> _Task inputs_
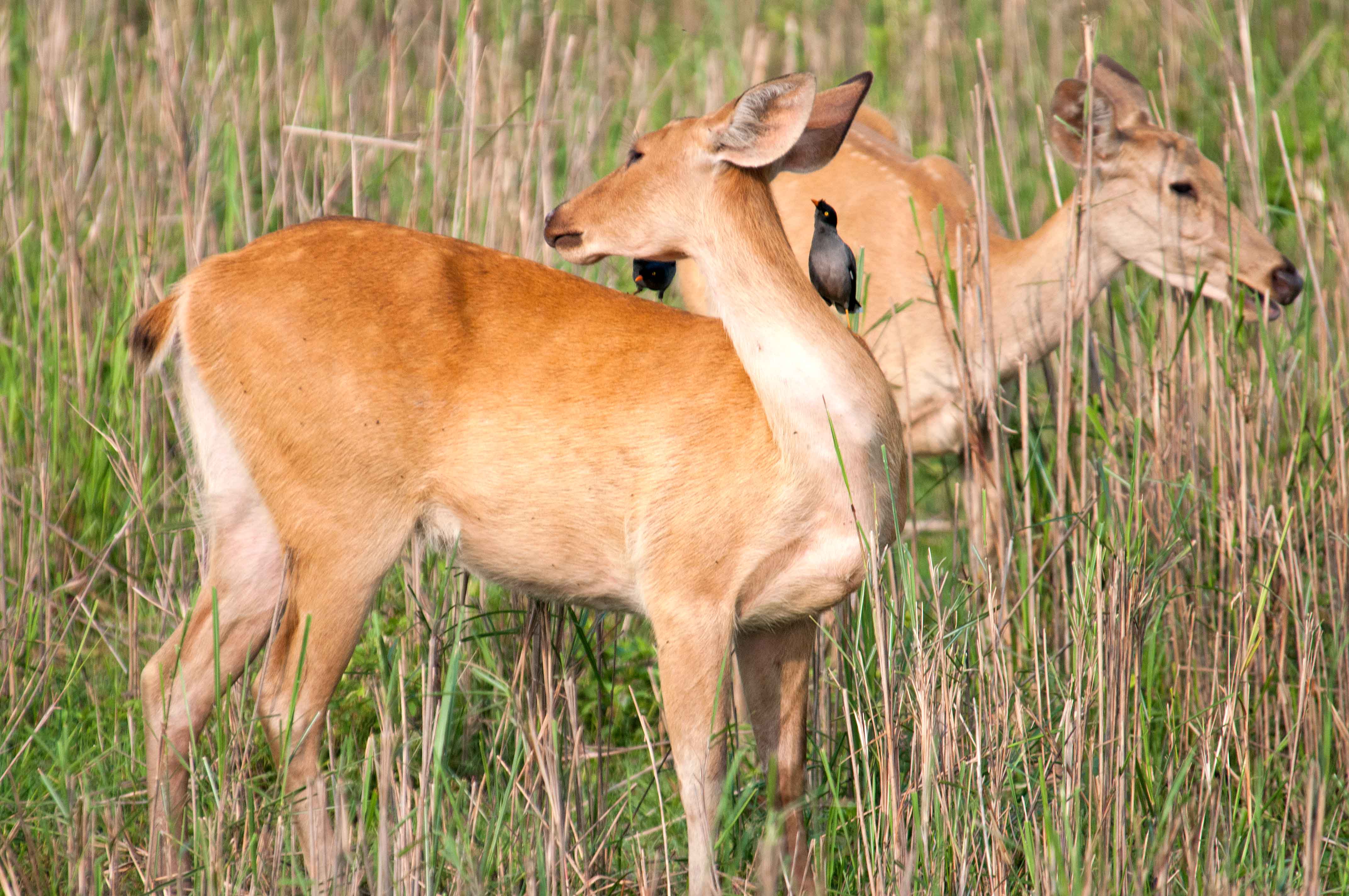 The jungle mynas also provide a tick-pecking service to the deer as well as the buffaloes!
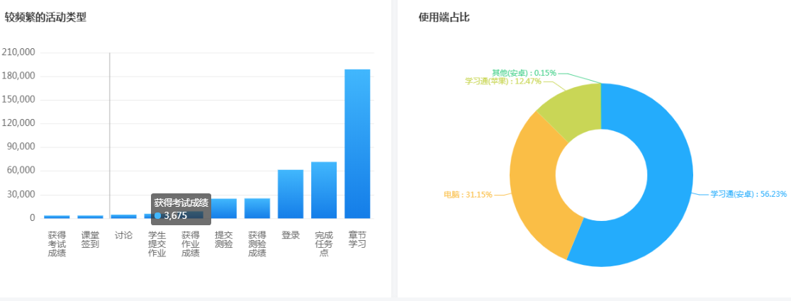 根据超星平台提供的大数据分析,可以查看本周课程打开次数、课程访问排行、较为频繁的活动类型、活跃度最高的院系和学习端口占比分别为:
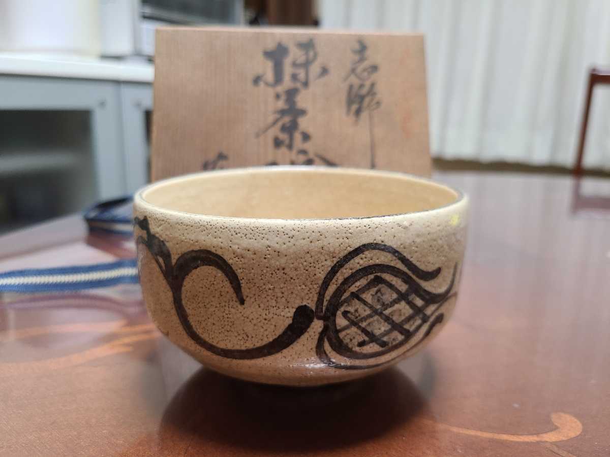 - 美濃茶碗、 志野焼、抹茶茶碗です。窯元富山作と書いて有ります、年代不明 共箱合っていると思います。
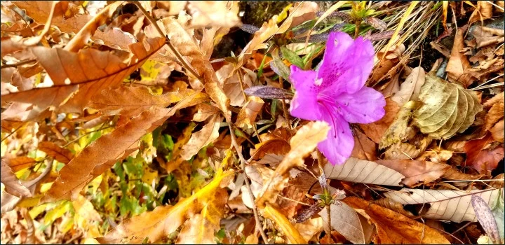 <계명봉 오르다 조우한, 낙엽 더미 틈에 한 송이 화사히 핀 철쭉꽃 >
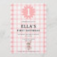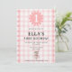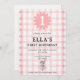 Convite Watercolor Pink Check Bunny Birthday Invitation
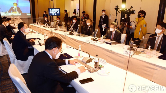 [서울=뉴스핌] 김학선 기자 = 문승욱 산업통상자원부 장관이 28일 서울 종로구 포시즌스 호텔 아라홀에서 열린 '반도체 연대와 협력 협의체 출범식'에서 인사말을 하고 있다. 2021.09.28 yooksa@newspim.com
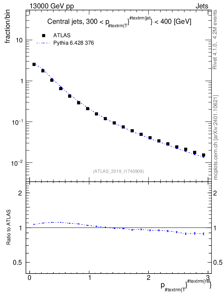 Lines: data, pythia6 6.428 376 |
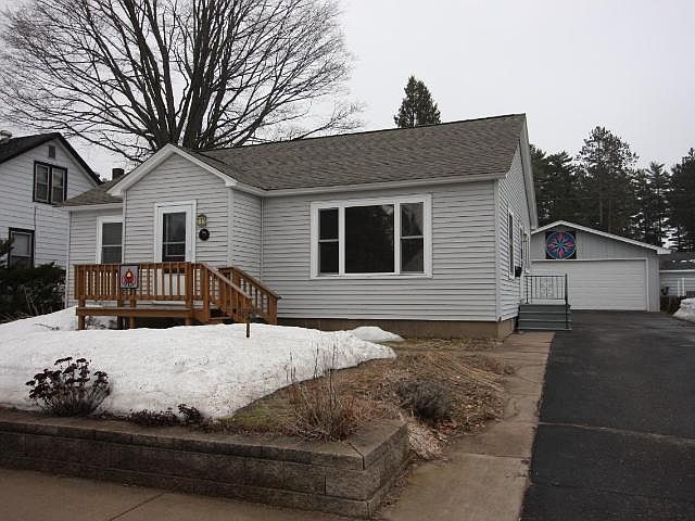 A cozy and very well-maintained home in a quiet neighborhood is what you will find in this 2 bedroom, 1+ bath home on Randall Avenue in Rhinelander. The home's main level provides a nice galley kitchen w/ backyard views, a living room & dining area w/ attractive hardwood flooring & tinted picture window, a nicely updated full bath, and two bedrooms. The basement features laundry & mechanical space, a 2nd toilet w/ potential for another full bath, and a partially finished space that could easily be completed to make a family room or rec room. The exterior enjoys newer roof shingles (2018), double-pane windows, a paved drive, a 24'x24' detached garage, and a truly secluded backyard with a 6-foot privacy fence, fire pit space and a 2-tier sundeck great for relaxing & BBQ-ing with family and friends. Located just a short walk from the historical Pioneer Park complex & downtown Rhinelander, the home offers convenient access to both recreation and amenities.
==
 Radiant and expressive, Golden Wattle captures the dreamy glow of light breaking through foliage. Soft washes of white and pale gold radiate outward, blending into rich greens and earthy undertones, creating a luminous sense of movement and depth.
* * *
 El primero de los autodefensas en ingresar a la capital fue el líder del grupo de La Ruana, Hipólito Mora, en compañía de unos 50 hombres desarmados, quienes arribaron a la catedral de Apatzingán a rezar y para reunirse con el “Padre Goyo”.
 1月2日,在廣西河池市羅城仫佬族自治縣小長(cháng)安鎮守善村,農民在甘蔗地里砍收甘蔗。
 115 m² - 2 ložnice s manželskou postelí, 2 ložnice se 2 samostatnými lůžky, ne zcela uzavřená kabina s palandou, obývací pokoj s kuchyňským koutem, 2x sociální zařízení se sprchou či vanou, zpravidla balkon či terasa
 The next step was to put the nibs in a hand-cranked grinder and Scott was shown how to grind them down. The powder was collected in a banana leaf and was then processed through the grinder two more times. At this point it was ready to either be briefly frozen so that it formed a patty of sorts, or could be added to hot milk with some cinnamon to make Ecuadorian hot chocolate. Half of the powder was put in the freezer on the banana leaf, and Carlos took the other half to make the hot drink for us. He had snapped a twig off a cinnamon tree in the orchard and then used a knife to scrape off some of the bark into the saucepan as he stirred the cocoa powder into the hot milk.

> _What to do_
Your answer should be the lines above, from the line containing "1月2日,在廣西河池市羅城仫" up to and including the line containing "115 m² - 2 ložnice", reproduced exactly and with nothing else.

> _Reply to the exercise_
 1月2日,在廣西河池市羅城仫佬族自治縣小長(cháng)安鎮守善村,農民在甘蔗地里砍收甘蔗。
 115 m² - 2 ložnice s manželskou postelí, 2 ložnice se 2 samostatnými lůžky, ne zcela uzavřená kabina s palandou, obývací pokoj s kuchyňským koutem, 2x sociální zařízení se sprchou či vanou, zpravidla balkon či terasa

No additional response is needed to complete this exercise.